● REQUIRED WORK: Beginning with the line containing "四川康藏路橋有限責(zé)任" and going on through the line containing "Samsung Galaxy A12", the lines below are to be returned exactly, pictures excluded and nothing added.

● MATERIAL TO PROCESS:
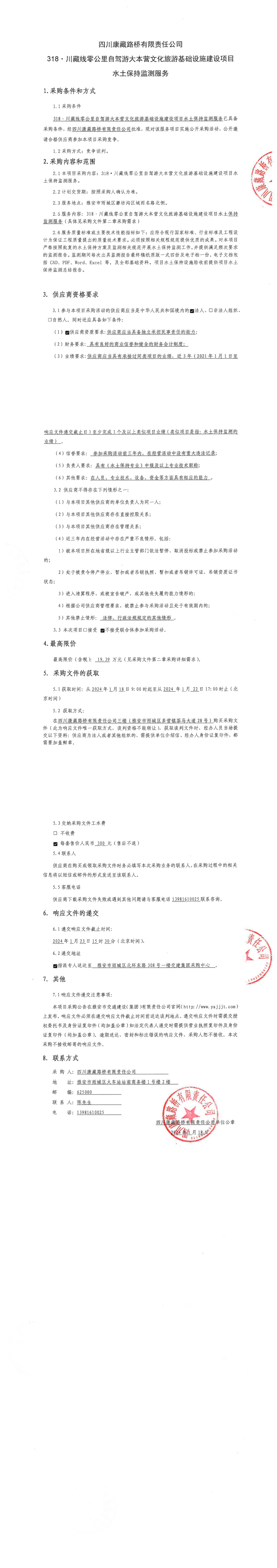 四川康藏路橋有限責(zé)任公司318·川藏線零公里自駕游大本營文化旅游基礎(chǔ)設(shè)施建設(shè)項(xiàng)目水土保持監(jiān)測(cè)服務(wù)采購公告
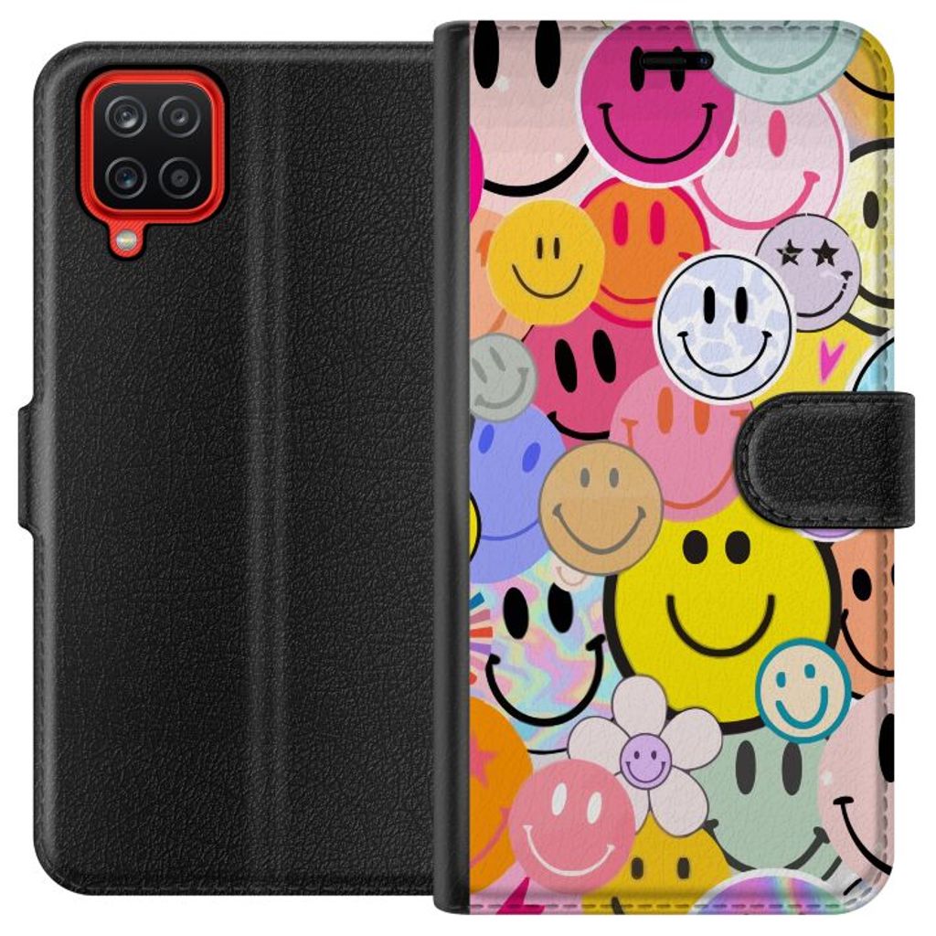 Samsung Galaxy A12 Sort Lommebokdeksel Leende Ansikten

--

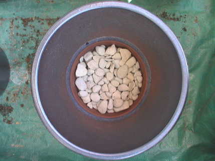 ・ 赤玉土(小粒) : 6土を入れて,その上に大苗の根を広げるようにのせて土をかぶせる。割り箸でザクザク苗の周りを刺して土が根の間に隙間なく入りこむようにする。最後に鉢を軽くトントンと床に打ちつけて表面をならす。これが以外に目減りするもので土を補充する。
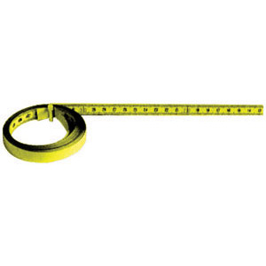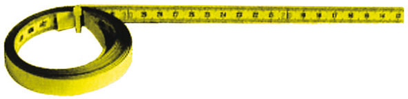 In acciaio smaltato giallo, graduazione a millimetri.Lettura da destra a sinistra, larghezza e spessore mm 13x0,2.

● WORKED SOLUTION:
 四川康藏路橋有限責(zé)任公司318·川藏線零公里自駕游大本營文化旅游基礎(chǔ)設(shè)施建設(shè)項(xiàng)目水土保持監(jiān)測(cè)服務(wù)采購公告
 Samsung Galaxy A12 Sort Lommebokdeksel Leende Ansikten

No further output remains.